She provided early accounts of the cryptozoological legends we now recognize as Ogopogo and Sasquatch, long before the former became a tourist attraction and the latter a beer pitchman.

Unlike many women of her era, she managed to get her words to the public. Two ethnographic papers on the Similkameen people were printed by respected British academic journals. As well, she published a long narrative poem about a local chief. The poetry was issued in 1900 under the pseudonym Stratton Moir, which was her brother’s name.

“You can’t celebrate her without reading her books and reading her poems,” said Diane Sterne, who edited a compilation of Allison’s work, including some lost writings.

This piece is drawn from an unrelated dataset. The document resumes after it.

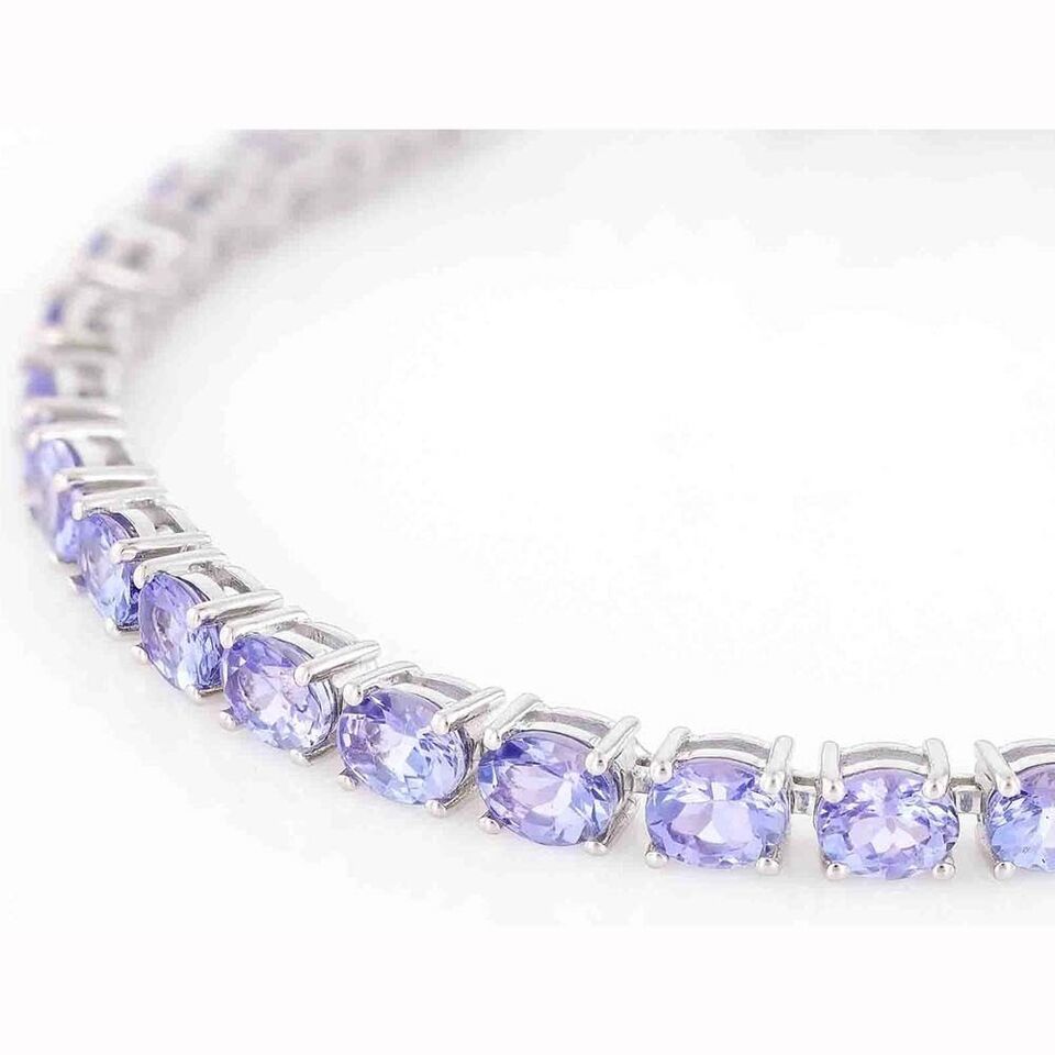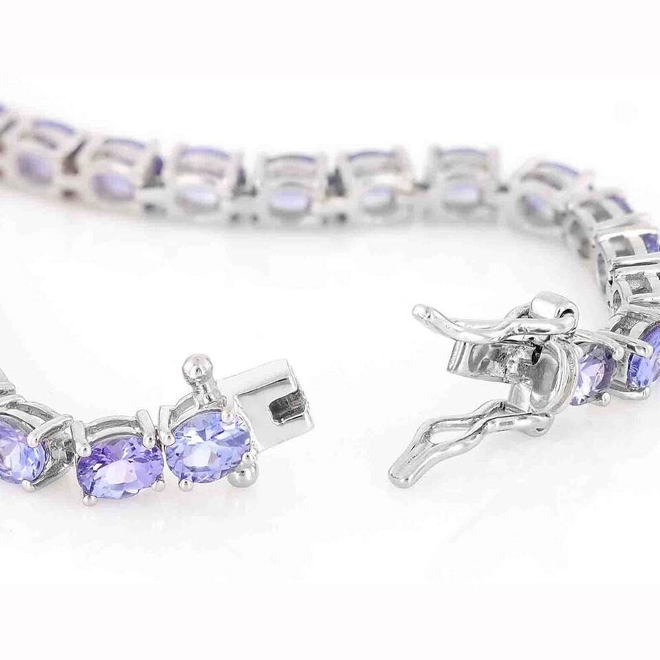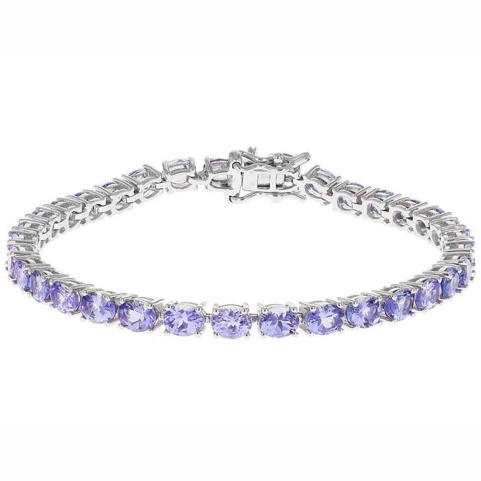 10.71 Ct Oval Cut Lab Created Tanzanite 14K White Gold Plated Tennis Bracelet 8"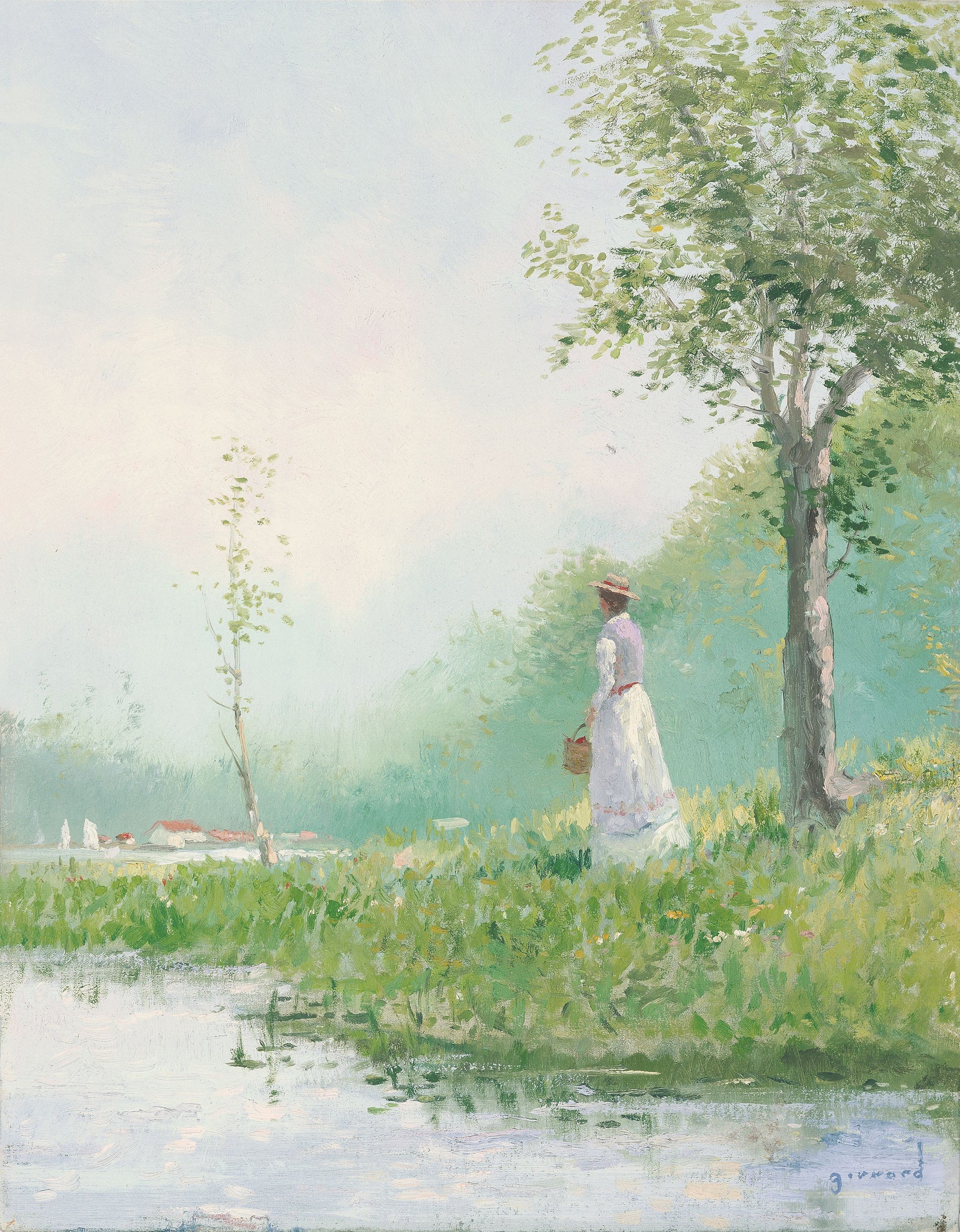 Call UsGazing takes us to just such an exquisite French vista as inspired the original Impressionists. A lithe, graceful young lady, dressed in white and wearing a bonnet, gazes out across a glittering lake toward a distant village. She stands under a single, slender tree, entirely absorbed in the scene that captures her gaze. The mood is one of breathless anticipation. It is not only the girl who holds her breath in order to enter into the perfect tranquility of the moment; it is us as well. As she gazes at far horizons, we, in turn, gaze at her, hoping to join in her beautiful world. \n \n-Thomas Kinkade \n \nLimited Edition Canvas \nThomas Kinkade Limited Edition Canvases combine old world craftsmanship with the finest materials and latest production technologies to produce extraordinary canvas artwork. Our reproduction process captures not only the color and mood of the enchanting original painting but the actual brushwork as well. Every piece is hand-retouched by skilled artisans, giving the painting a look almost identical to the artist’s on-easel original. Vibrant colors, rich textures and color tones are the hallmarks of your finished piece. \n \nFeatures \n

The volume was released earlier this year with the title, “In Her Words.”

It was Allison’s great ambition to incorporate in her poems the body language expressed when telling an oral legend.

Ms. Sterne, a hotelier and history buff, found it necessary to include a reference dictionary, as Allison used archaic English and the Chinook trade language in her writings.

“Cattle were kine,” she said. “En-che-chim is wolf, shnee-na is owl, synkelips is coyote, skumahist is black bear and callowna is grizzly bear.”

The bare outline of her life begs for a movie treatment.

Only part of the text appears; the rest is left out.